これを回避するためには、Traefikのmiddleware部分で

# middleware 1: パスから prefix を剥がす
- "traefik.http.middlewares.${APP_ID}-strip.stripprefix.prefixes=/${APP_ID}"

# middleware 2: X-Forwarded-Prefix をつける(リクエストにヘッダー追加)
- "traefik.http.middlewares.${APP_ID}-xfp.headers.customrequestheaders.X-Forwarded-Prefix=/${APP_ID}"

# ルーターに middleware を追加する
- "traefik.http.routers.${APP_ID}.middlewares=${APP_ID}-strip,${APP_ID}-xfp"

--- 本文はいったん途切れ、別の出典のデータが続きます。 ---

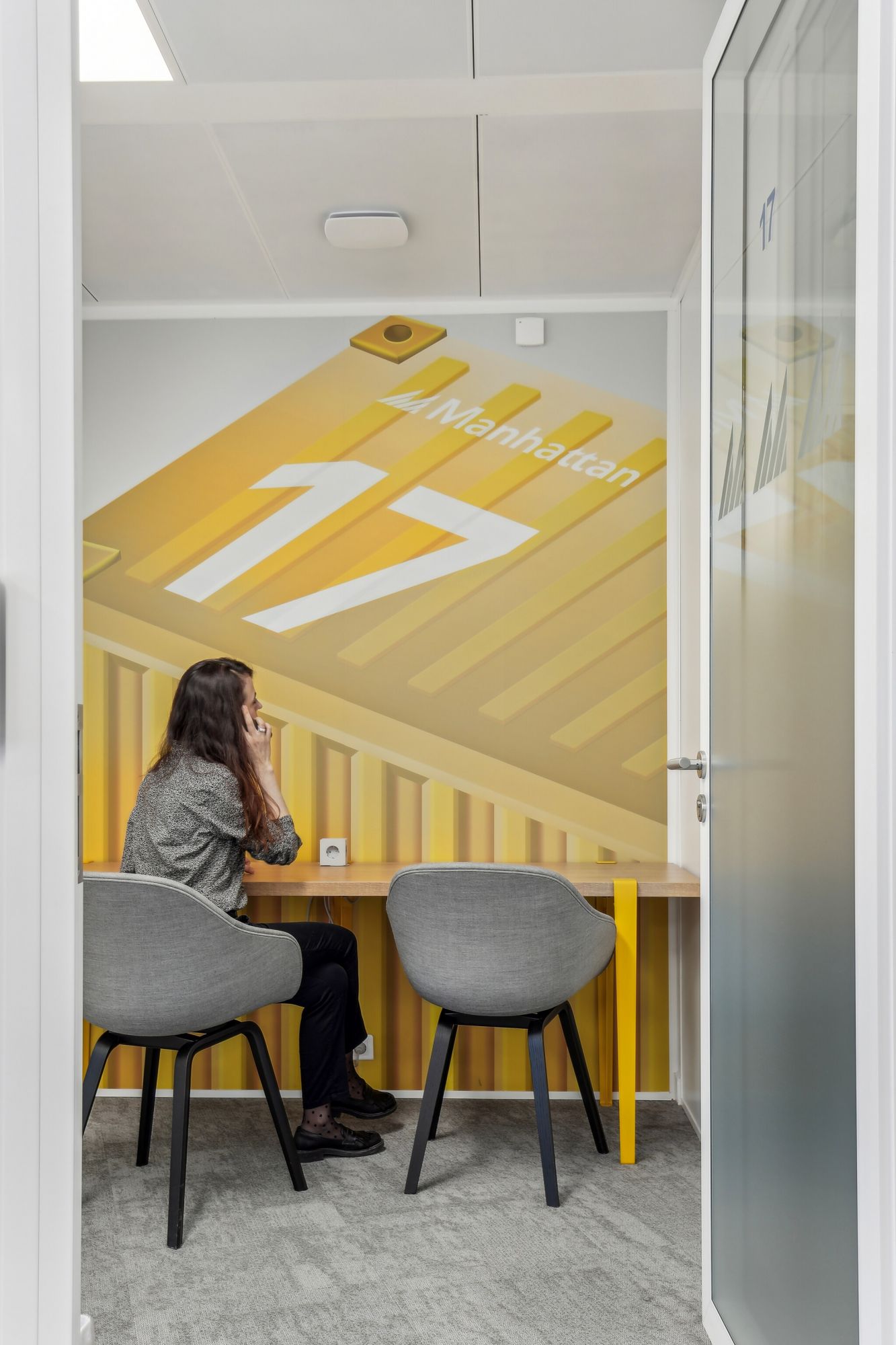 A nod to the container, an emblematic object of Manhattan Associates' activity, is integrated into certain spaces
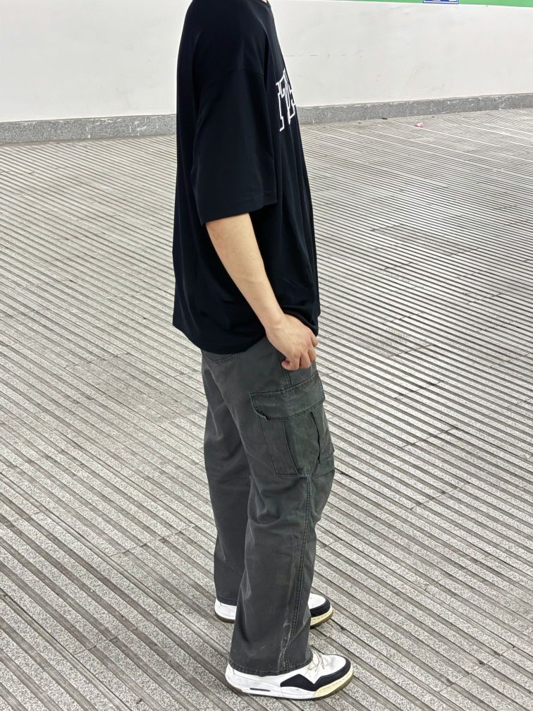 兄弟们!这条深灰色工装裤真的可以闭眼冲了! 宽松的直筒版型真的是超级藏肉!不管是多粗的大肉腿都能完美修饰成细直长的大长腿! 还有还要~!!侧面的大口袋真的很加分!钥匙耳机统统都能吞下!出门在也不用大包小包啦! 尺码参考:178 125 XL
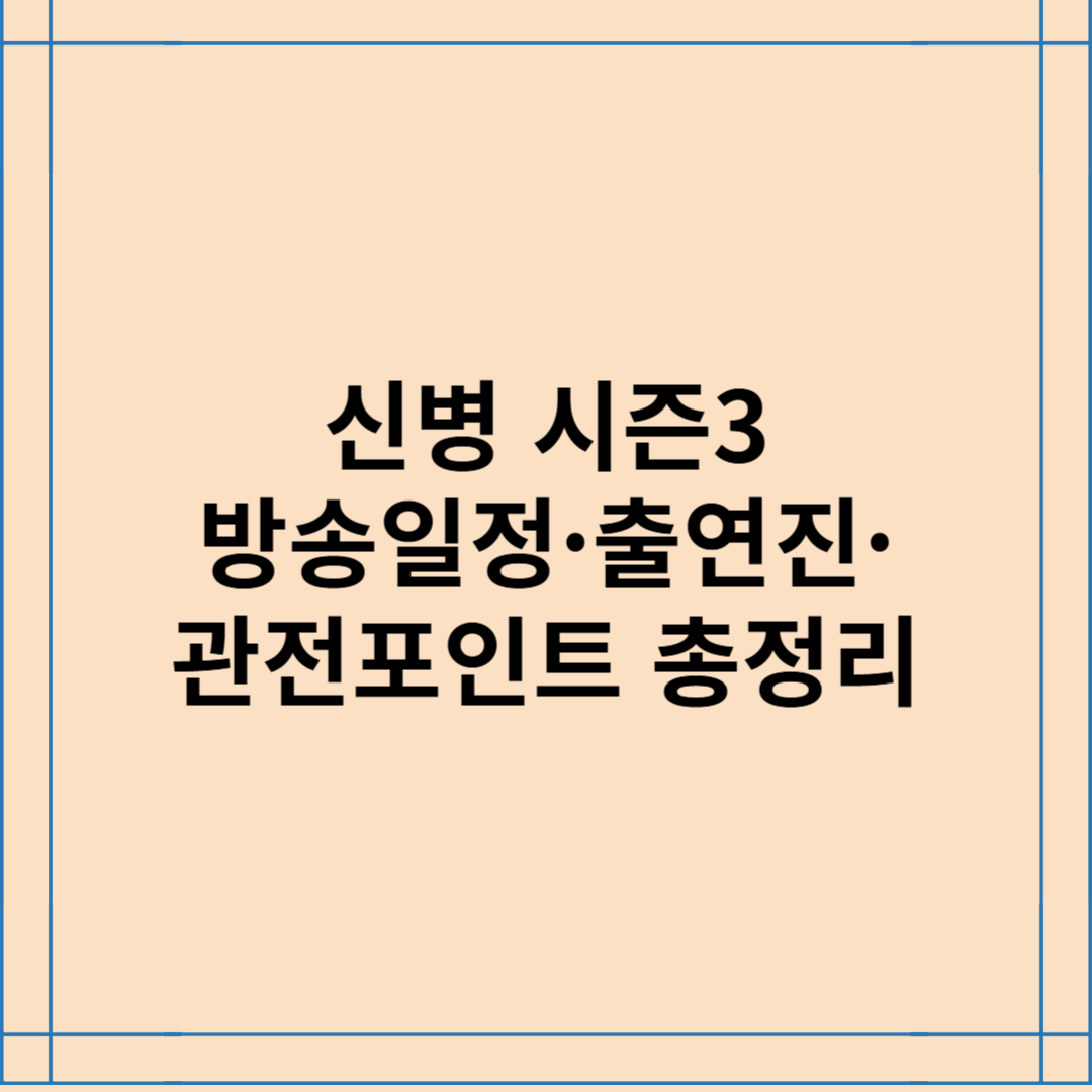 군드라마 끝판왕이 돌아왔다!현실 고증은 기본, 웃음과 긴장감까지 다 잡은 ‘신병3’가 드디어 시작됩니다.이번 시즌, 과연 박민석의 군생활은 무사할 수 있을까요?   목차프로그램 소개프로그램 일정출연진 소개시청 포인트  프로그램 소개  '신병3'는 상병 진급을 앞둔 '군수저' 박민석이 예측 불허의 두 신병 전입과 역대급 빌런의 복귀로 인해 난이도가 급상승한 군 생활을 겪는 이야기를 그린 하이퍼 리얼리즘 코미디 드라마입니다.이번 시즌에서는 혹한기 훈련 등 더욱 현실감 있는 군대 에피소드들이 전개될 예정입니다.프로그램 일정 방송 채널: ENA​방송 기간: 2025년 4월 7일부터 매주 월요일과 화요일 밤 10시 방송 VOD 서비스: 본방송 직후 KT 지니TV에서 무료 VOD 독점 제공 OTT 서비스: 티빙(..

という設定を行います。 X-Forwarded-Prefix: /${APP_ID} というヘッダーがリクエストに追加され、これをFlaskアプリで読み込んで SCRIPT_NAME に設定することが可能となります。

この方針であれば、Flaskアプリにおいては、${APP_ID} などの環境変数を意識せずに、通常のルーティング定義やURL生成が可能になります。

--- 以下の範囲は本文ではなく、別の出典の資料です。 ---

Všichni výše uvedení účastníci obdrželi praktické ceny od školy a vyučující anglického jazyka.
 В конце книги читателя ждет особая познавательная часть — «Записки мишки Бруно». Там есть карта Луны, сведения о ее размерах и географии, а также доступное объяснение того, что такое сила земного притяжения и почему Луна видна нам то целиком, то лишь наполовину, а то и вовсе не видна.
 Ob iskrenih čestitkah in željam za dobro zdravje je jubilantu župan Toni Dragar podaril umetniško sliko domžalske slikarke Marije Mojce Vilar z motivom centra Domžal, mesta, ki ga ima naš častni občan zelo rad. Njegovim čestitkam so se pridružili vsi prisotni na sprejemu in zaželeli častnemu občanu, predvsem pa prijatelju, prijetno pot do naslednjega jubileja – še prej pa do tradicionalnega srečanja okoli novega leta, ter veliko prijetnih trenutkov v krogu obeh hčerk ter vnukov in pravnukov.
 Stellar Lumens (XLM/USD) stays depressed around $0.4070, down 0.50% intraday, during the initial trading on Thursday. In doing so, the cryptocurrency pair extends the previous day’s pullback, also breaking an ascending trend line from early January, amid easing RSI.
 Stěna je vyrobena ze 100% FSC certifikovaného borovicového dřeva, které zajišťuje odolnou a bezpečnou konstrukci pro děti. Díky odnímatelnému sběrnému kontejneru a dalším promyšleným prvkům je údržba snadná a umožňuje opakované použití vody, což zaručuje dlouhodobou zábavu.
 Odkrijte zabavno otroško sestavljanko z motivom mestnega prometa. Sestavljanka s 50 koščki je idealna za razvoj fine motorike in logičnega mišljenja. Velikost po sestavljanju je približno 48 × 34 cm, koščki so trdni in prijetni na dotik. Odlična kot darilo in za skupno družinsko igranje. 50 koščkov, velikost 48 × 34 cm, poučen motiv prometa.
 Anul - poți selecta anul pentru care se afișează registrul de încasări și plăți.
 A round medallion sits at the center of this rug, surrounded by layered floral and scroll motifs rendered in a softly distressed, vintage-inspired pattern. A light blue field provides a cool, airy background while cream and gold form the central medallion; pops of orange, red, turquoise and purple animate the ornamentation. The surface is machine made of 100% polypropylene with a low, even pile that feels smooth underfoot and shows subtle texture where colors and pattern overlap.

ただし、HTTPリクエストのヘッダーを意識しないといけないのが面倒で、Traefik経由でのリクエストか、そうでないのかの区別がつきにくく、ローカルでの開発やテストがやりにくくなる可能性もあります。

前者のFlask側でパスの処理を全て行う方針であれば、${APP_ID} が空かどうかの条件分岐を入れるだけで、ローカル環境と本番環境を同じコードベースで運用できるというメリットもあります。

また、Flaskでのmiddlewareは結局必要となるので、どちらでパスの処理を行うかは好みの問題かなと思います。

## (余談)WSGIとASGIの違い

種類特徴得意なこと
WSGI同期処理に特化したサーバーCPU中心の同期処理。シンプルな構成が可能。
ASGI同期・非同期両方に対応したサーバーAPIサーバーやWebSocket用途。長時間接続やリアルタイム通信が可能。

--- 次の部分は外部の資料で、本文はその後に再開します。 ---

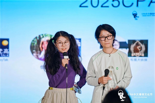 图为机构制作人获奖代表,播客《岩中花述》制作人Kass和阿星(JustPod)在现场发言
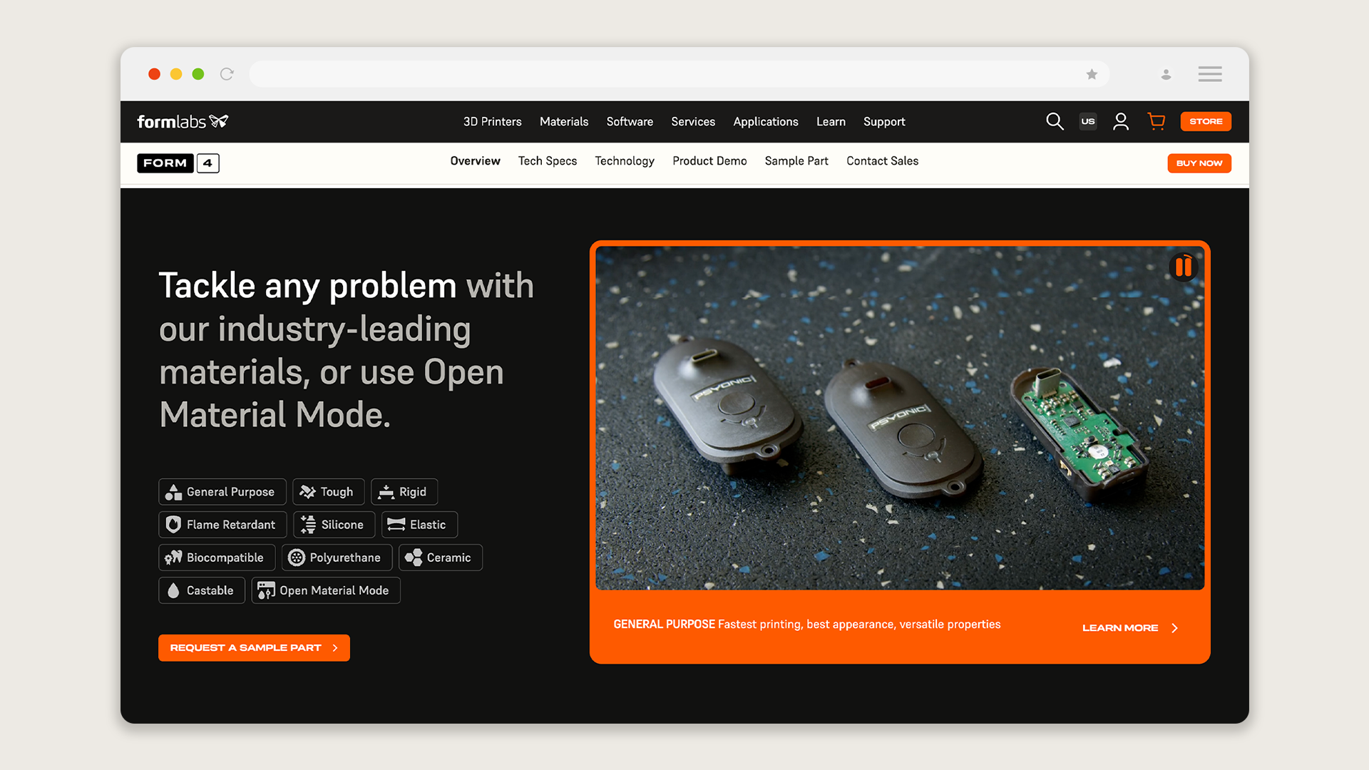 Transforming the website from a product showcase into a functional tool was a central theme of this project. The goal was to make Formlabs.com a space where users could not only discover products but also find solutions to their challenges, research applications, and calculate return on investment (ROI). Key features introduced include:
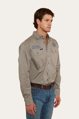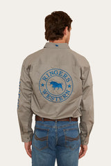 RINGERS WESTERN Hawkeye Mens Full Button Work Shirt-Grey/ Snorkle Blue.
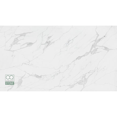 - Appearance: The stone features a bright, clean white background with bold, fluid, and subtle light to smoky gray veins, designed to mimic the luxurious appearance of natural marble.

WSGI の基本思想は、同期モデル (blocking) に基づく処理を行うことです。 1つのリクエストが1スレッド or プロセスで処理され、リクエストの処理が完了するまで次のリクエストは待機します。

WSGIのリクエスト処理モデル
Request

Worker(1つのリクエストがブロックする)

Response

一方、ASGI は非同期モデル (non-blocking) に基づく処理を行うことができます。

ASGIのリクエスト処理モデル
Request

Event Loop

I/O待ち中に他リクエスト処理

Response

複数のリクエストを同時に処理できるため、APIサーバーやWebSocketなどのリアルタイム通信に適しています。